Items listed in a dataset

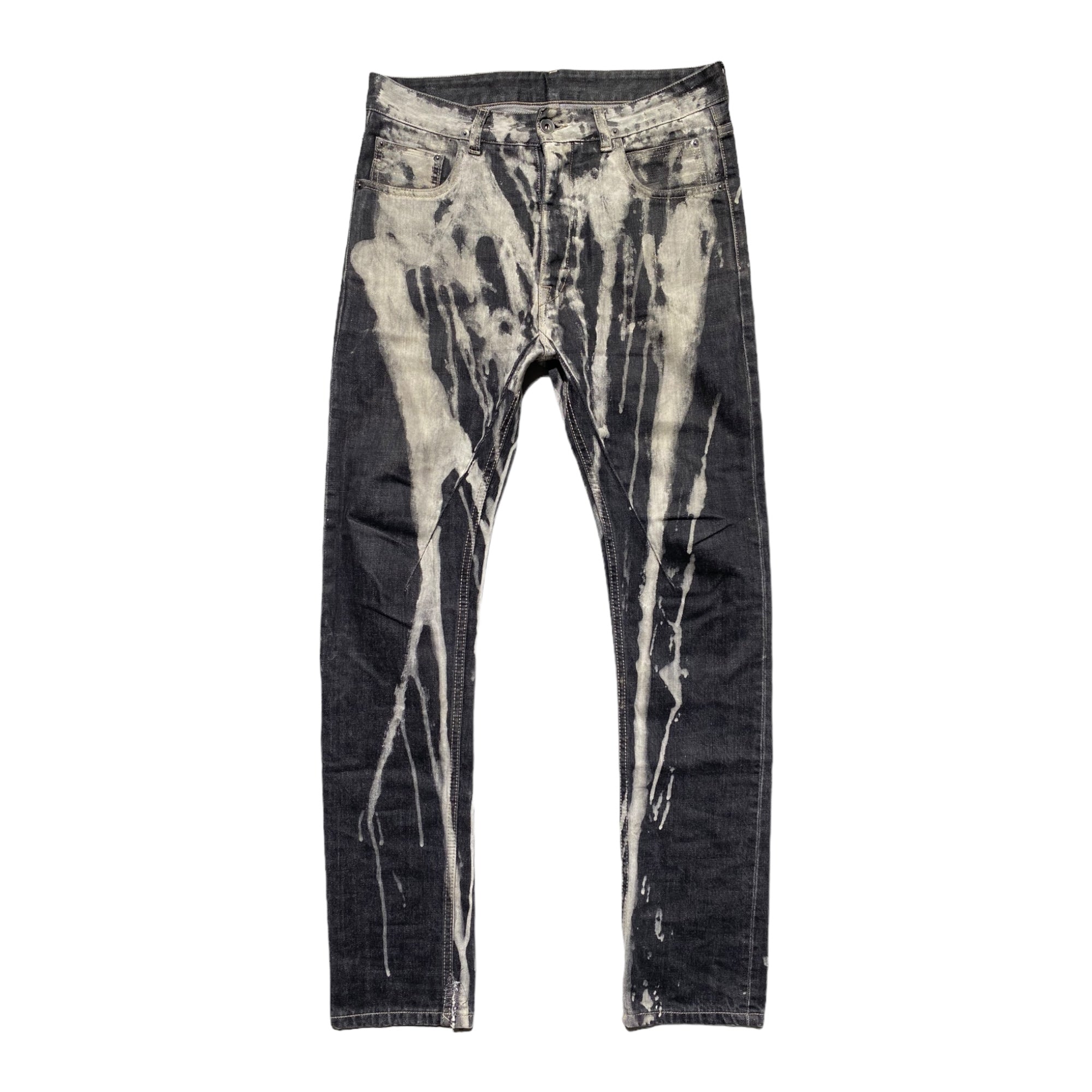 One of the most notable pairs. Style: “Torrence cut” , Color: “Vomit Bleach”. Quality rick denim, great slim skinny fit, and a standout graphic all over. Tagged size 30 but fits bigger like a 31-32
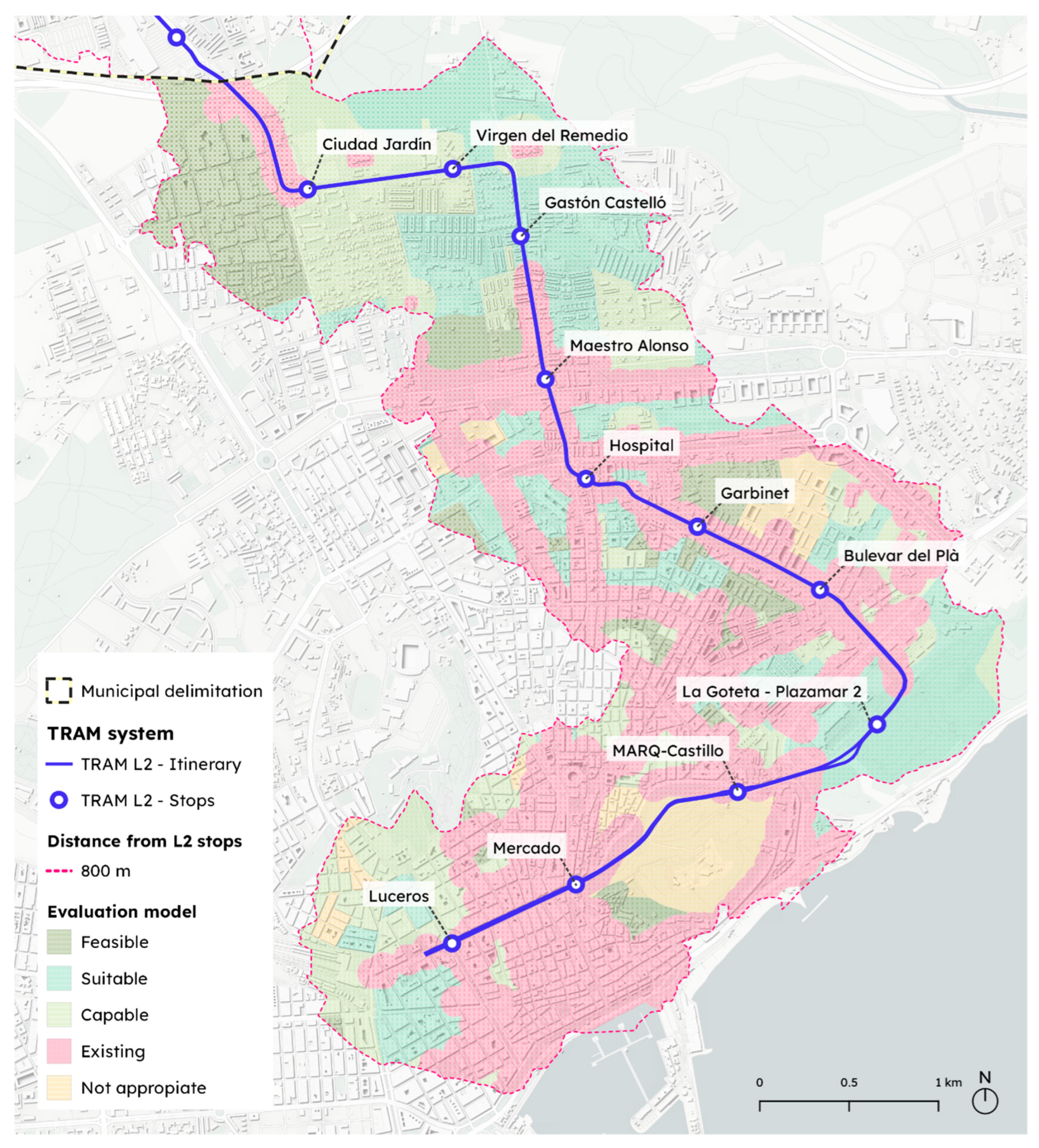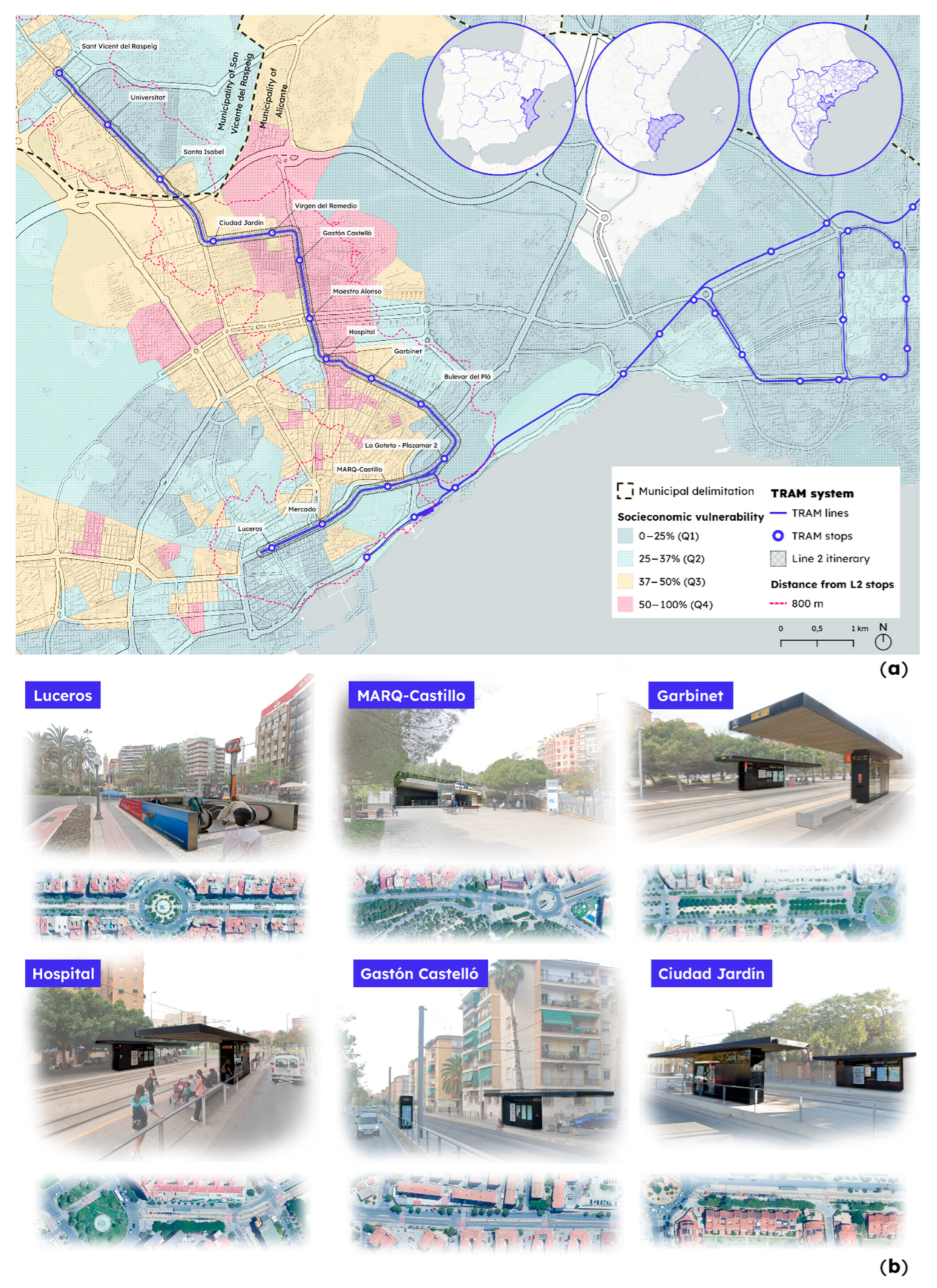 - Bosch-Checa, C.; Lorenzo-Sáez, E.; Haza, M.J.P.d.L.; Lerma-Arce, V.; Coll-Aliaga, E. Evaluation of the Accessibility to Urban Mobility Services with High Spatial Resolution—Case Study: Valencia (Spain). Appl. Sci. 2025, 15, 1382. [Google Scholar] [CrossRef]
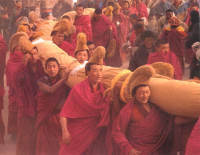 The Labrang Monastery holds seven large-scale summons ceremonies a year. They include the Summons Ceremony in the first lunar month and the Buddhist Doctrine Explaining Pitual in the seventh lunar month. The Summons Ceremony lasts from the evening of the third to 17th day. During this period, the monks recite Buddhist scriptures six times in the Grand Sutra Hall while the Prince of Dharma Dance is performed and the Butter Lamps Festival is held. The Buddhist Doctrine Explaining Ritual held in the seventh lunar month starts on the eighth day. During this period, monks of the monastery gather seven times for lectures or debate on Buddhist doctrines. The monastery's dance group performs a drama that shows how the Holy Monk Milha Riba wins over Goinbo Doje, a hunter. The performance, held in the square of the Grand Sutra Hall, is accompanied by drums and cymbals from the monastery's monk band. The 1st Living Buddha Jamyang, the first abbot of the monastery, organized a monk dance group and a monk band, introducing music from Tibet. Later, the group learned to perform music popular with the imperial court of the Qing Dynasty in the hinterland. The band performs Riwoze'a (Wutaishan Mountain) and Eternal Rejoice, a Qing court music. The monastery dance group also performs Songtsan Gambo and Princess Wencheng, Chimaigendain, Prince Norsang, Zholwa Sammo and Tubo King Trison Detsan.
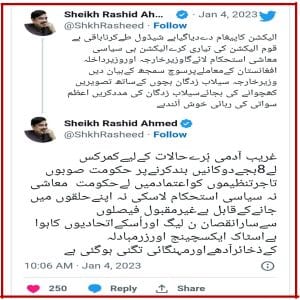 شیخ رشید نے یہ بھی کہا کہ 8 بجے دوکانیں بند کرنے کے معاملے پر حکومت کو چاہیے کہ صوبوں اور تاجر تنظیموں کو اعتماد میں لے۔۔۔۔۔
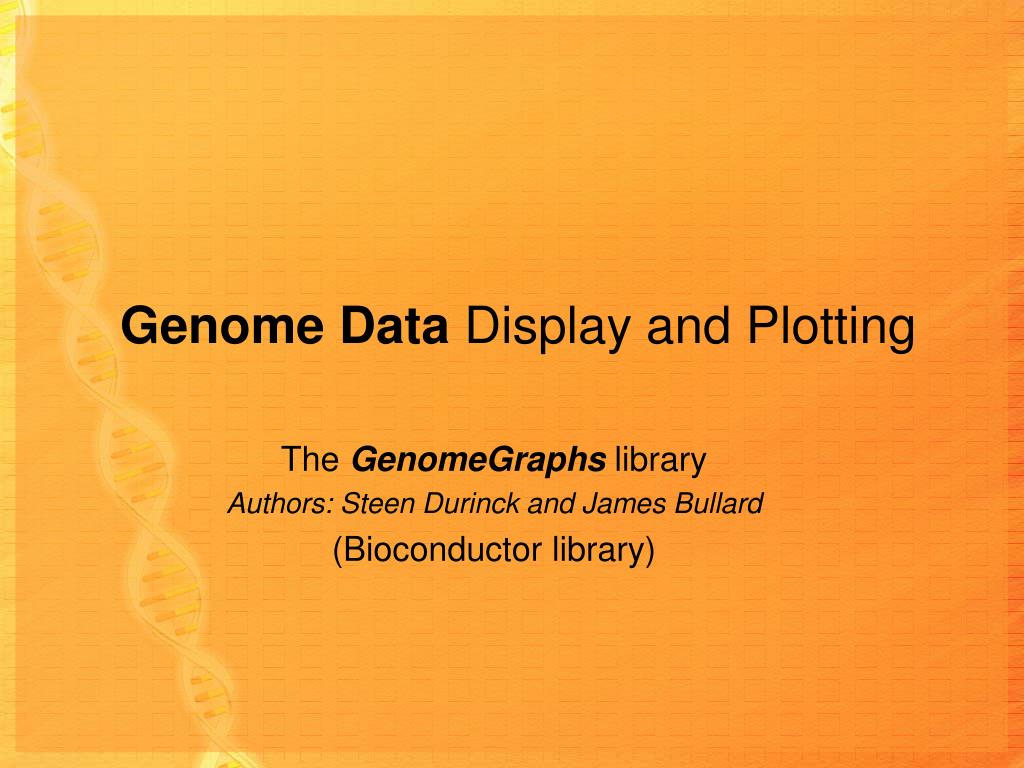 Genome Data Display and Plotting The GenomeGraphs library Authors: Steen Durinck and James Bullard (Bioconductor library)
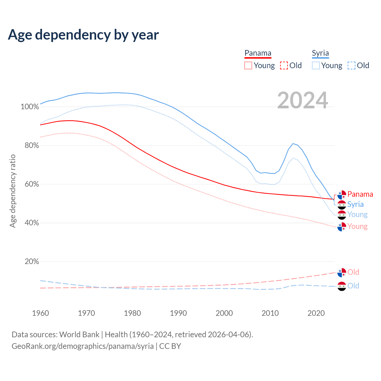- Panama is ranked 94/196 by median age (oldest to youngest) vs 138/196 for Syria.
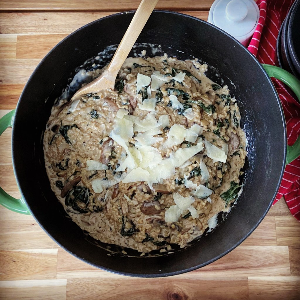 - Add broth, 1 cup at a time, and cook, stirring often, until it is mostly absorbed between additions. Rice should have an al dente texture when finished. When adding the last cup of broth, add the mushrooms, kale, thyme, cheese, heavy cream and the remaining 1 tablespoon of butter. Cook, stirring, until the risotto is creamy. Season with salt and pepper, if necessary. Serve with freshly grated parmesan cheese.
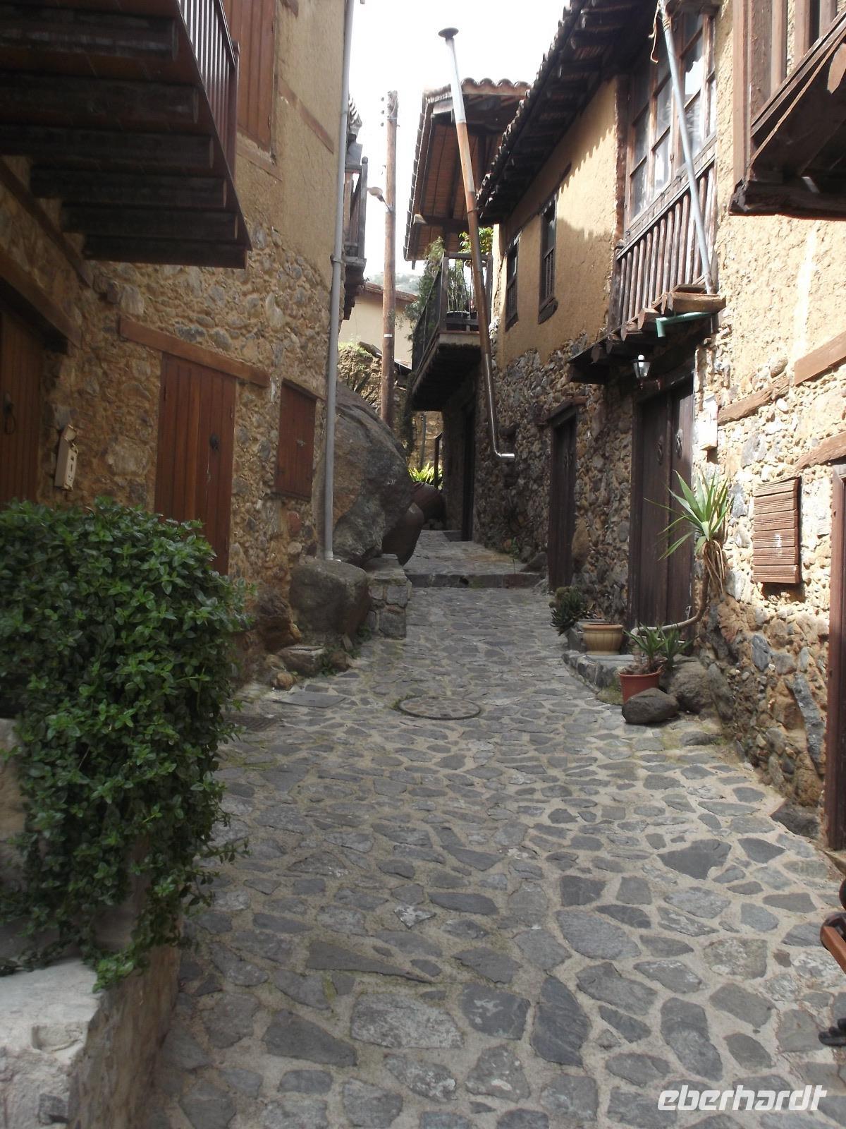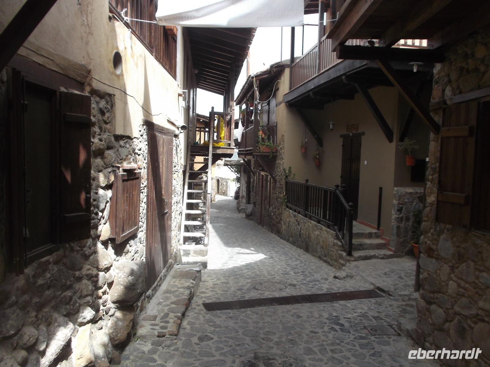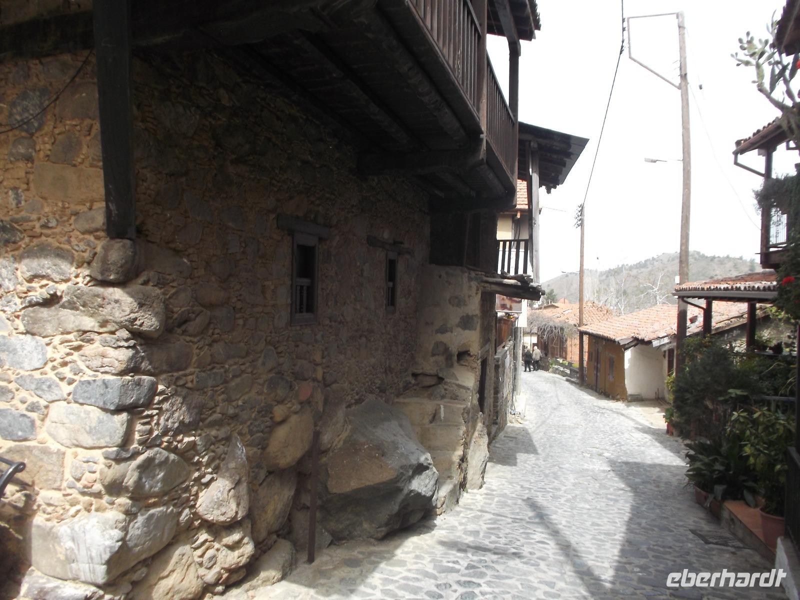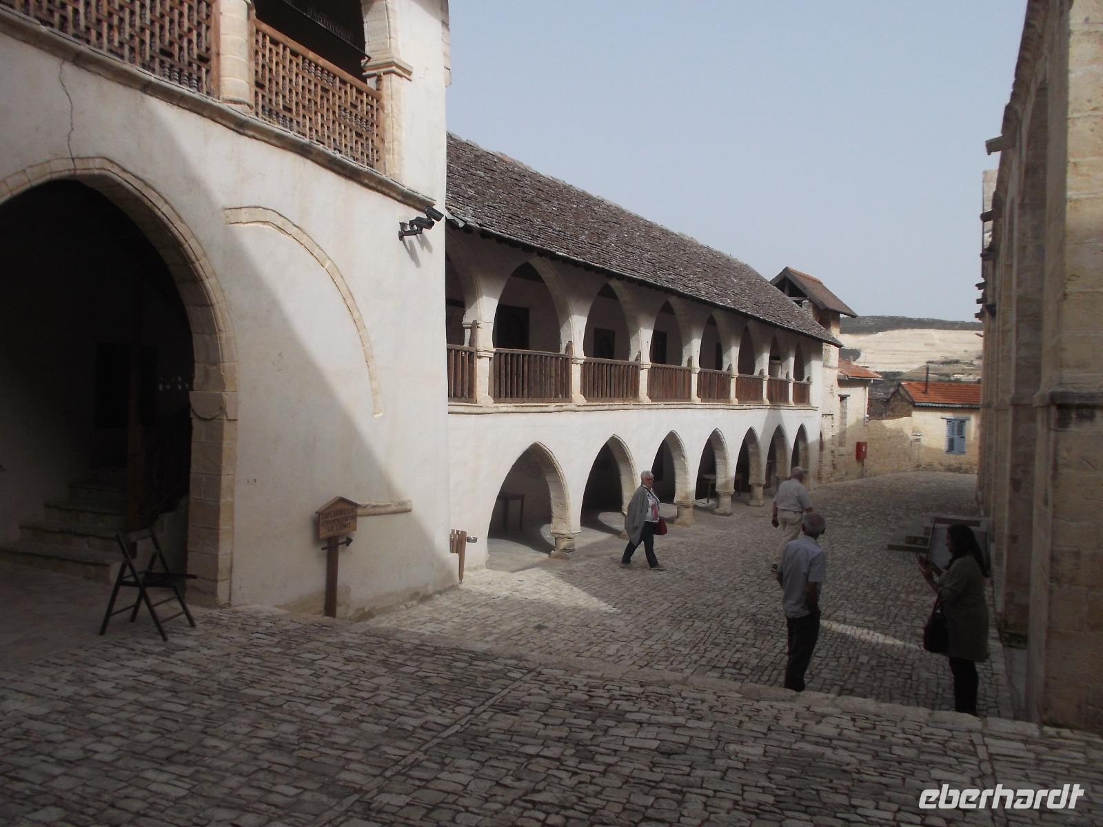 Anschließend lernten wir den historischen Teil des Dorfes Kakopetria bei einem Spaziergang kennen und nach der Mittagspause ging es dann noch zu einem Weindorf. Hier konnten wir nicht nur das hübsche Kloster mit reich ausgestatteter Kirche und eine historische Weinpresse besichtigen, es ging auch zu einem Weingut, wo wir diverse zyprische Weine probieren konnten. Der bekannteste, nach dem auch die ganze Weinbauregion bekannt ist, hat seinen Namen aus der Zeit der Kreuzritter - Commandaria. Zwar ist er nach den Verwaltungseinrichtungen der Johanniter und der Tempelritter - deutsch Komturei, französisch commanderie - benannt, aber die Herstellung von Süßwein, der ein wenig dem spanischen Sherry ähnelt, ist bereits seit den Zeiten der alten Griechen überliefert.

• **Problem requirements**:
Write out exactly the lines between the start of the data and the line with "- Bosch-Checa, C.;", including both, but none of the pictures.

• **Exercise result**:
 One of the most notable pairs. Style: “Torrence cut” , Color: “Vomit Bleach”. Quality rick denim, great slim skinny fit, and a standout graphic all over. Tagged size 30 but fits bigger like a 31-32
 - Bosch-Checa, C.; Lorenzo-Sáez, E.; Haza, M.J.P.d.L.; Lerma-Arce, V.; Coll-Aliaga, E. Evaluation of the Accessibility to Urban Mobility Services with High Spatial Resolution—Case Study: Valencia (Spain). Appl. Sci. 2025, 15, 1382. [Google Scholar] [CrossRef]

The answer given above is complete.